Baca berita tanpa iklan. Gabung Kompas.com+

Daging Sapi Mahal, Pedagang Bakso Resah

Kompas.com - 06/02/2013, 07:43 WIB

JAKARTA, KOMPAS.com - Kelangkaan daging tidak hanya menyebabkan jumlah bakso yang diproduksi berkurang, tetapi juga kualitas bakso terpaksa dikurangi dengan mengubah rasio bahan baku yang digunakan dalam pembuatan bakso.

Hal itu diungkapkan Hermanto, Manajer UD Sari Rasa, perusahaan pembuat bakso di Perkampungan Usaha Kecil Pulogadung, Jakarta Timur. Hal yang sama diungkapkan Ny Mudah, penjual soto daging, dan Gendut, pedagang bakso di Kabupaten Blitar, Jawa Timur, Selasa (5/2/2013).

Dalam hitungan Asosiasi Pedagang Bakso Indonesia (Apmiso), di Indonesia terdapat 1,5 juta pedagang bakso.

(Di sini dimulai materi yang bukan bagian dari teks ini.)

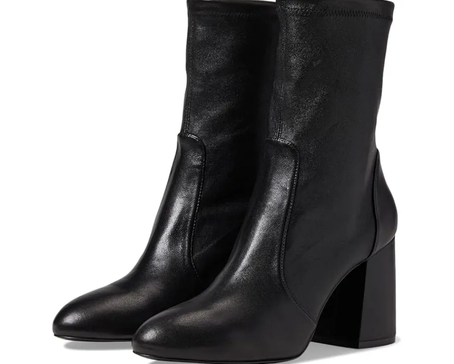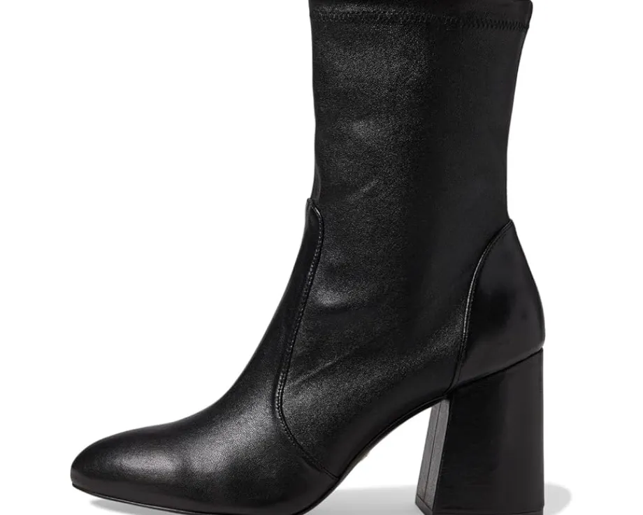 - Take every stpe in the most stylish way wearing the uber-stylish Stuart Weitzman® Flareblock 85 Stretch Bootie. The mid-calf length boots feature an almond toe shape, block heel and easy pull-on style. Crafted with a leather upper, leather and textile lining and insole, these boots are a smrt addition to your shoe collection.
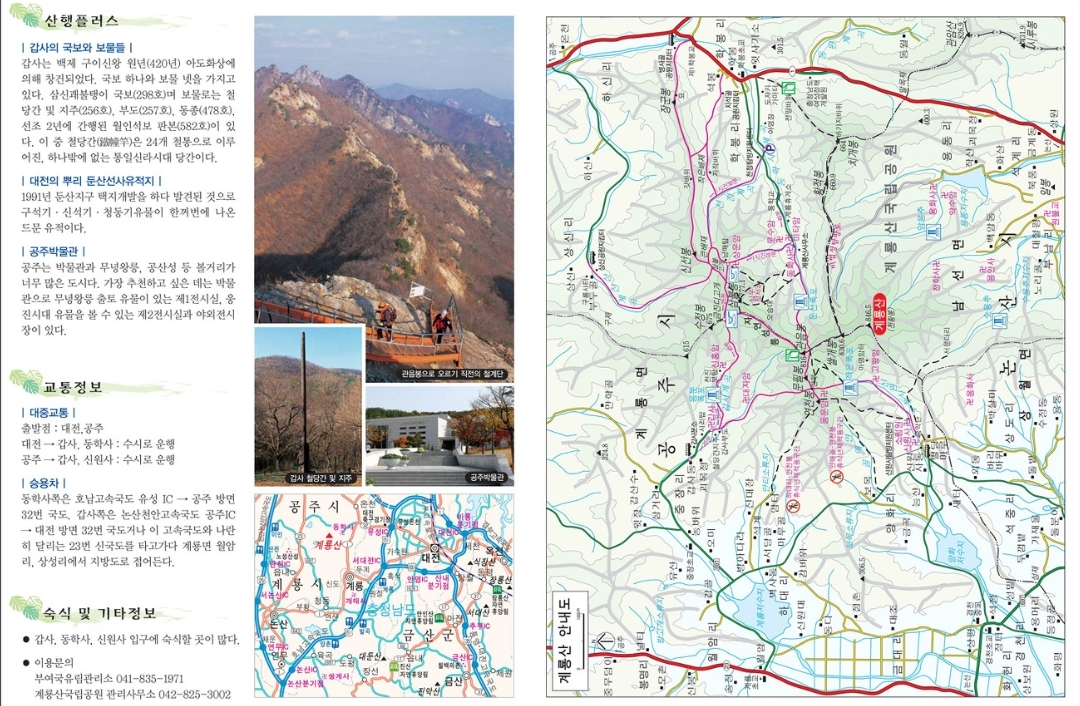 - 등산로: 계룡산에는 여러 등산 코스가 있으며, 대표적인 코스로는 갑사에서 시작하여 관음봉을 거쳐 천황봉에 이르는 길이 있습니다. 이 코스는 약 5시간이 소요되며, 중급 난이도로 평가됩니다. 다른 코스로는 동학사에서 시작하는 코스가 있으며, 이 길은 사찰과 자연경관을 동시에 즐길 수 있습니다.
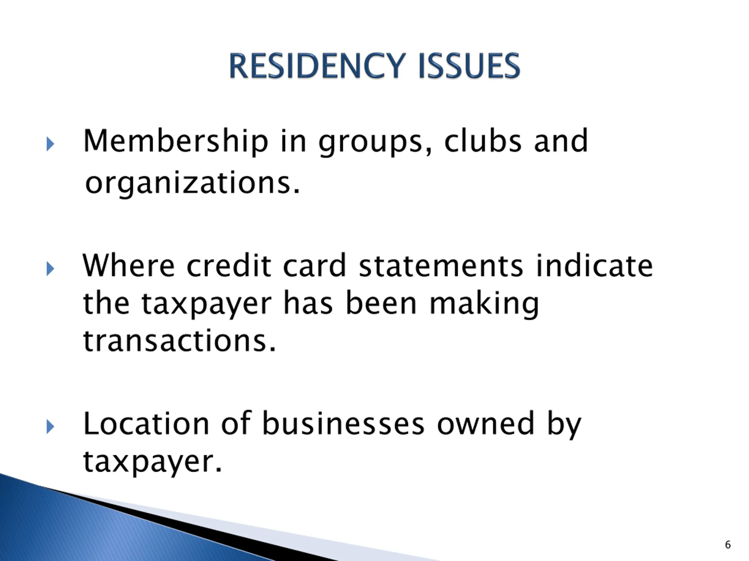Membership in groups, clubs and organizations. Where credit card statements indicate the taxpayer has been making transactions. Location of businesses owned by taxpayer. 6
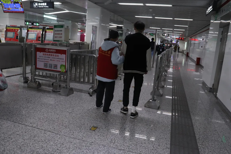 志愿者们对有大件行李的旅客进行行李分担,引导他们走垂直电梯,排除安全隐患,志愿者还对盲人旅客进行专人引导,保证盲人也能像正常人一样,享受地铁的便捷。
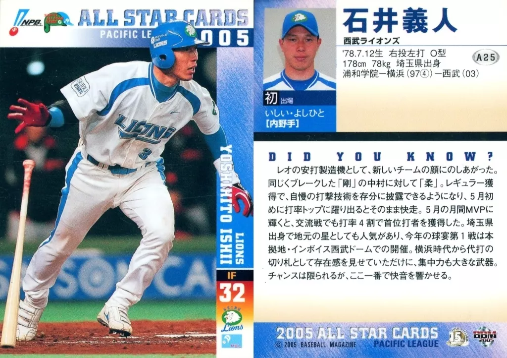 Japanese title: BBM/オールスターカード/BBM2005ベースボールカード A25:石井義人「埼玉西武ライオンズ」
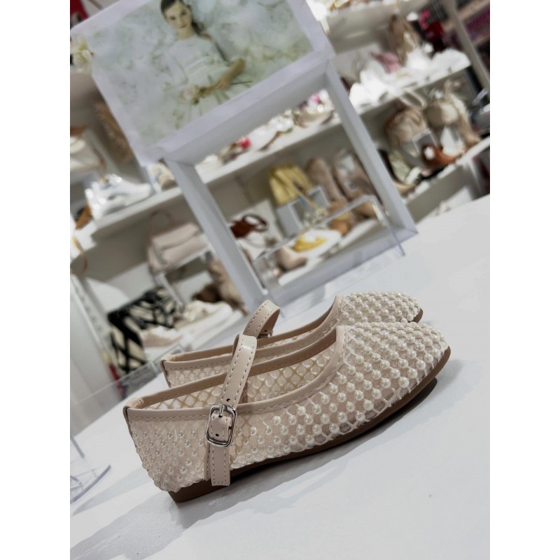 BALLERINE DI TESSUTO TRASPARENTE CON PERLINE E CINTURINO DISPONIBILI IN BEIGE E ROSA
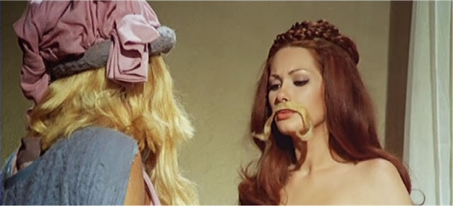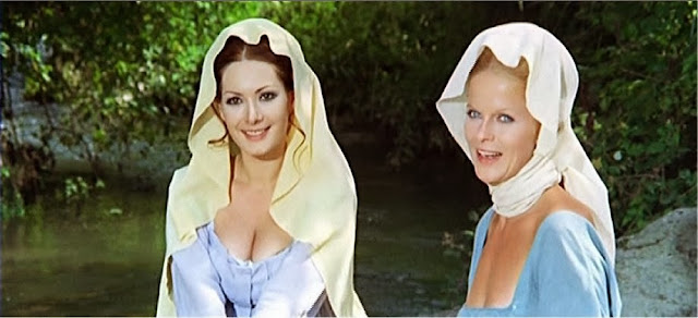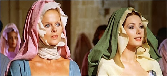 Malgré la médiocrité de la mise en scène, on sent tout de même que quelques moyens ont été mis en place sur cette production. Certes, l'éclairage n'est pas toujours discret en extérieur, mais la photographie est plutôt bonne dans l'ensemble. Colorée et précise, elle rend souvent hommage à la beauté de ces dames (nous y reviendrons, z'inquiétez pas). D'autre part, on a pris soin d'utiliser de réels décors moyenâgeux et on a essayé de coller au plus près de la réalité des costumes de l'époque. Dans le genre on a connu bien pire : ce film a de la tenue en fin de compte.

Menurut Hermanto, strategi produksi yang dilakukan di tengah kelangkaan daging adalah mengurangi kuantitas dan kualitas produk. Untuk kualitas bakso, pihaknya menyiasati dengan mengubah rasio daging dan sagu yang digunakan sebagai bahan baku utama.

”Biasanya, untuk kategori bakso termahal, rasio daging dan sagu adalah 8 berbanding 1, tapi saat ini diubah menjadi 8 berbanding 3. Sementara itu, untuk klasifikasi bakso termurah, rasio sebelumnya 5 berbanding 9 menjadi 5 berbanding 12. Perubahan rasio itu terpaksa dilakukan karena daging sapi merupakan salah satu bahan baku yang tidak bisa diganti dengan daging yang lain,” kata Hermanto.

Selain perubahan rasio, kualitas daging pun tidak dipilah seperti sebelumnya.

”Kualitas daging sapi yang kami beli 85 persen daging murni dan 15 persen lemak. Saat ini, kadar lemak tidak dipisahkan lagi untuk menambah bobot bakso,” ujar Hermanto.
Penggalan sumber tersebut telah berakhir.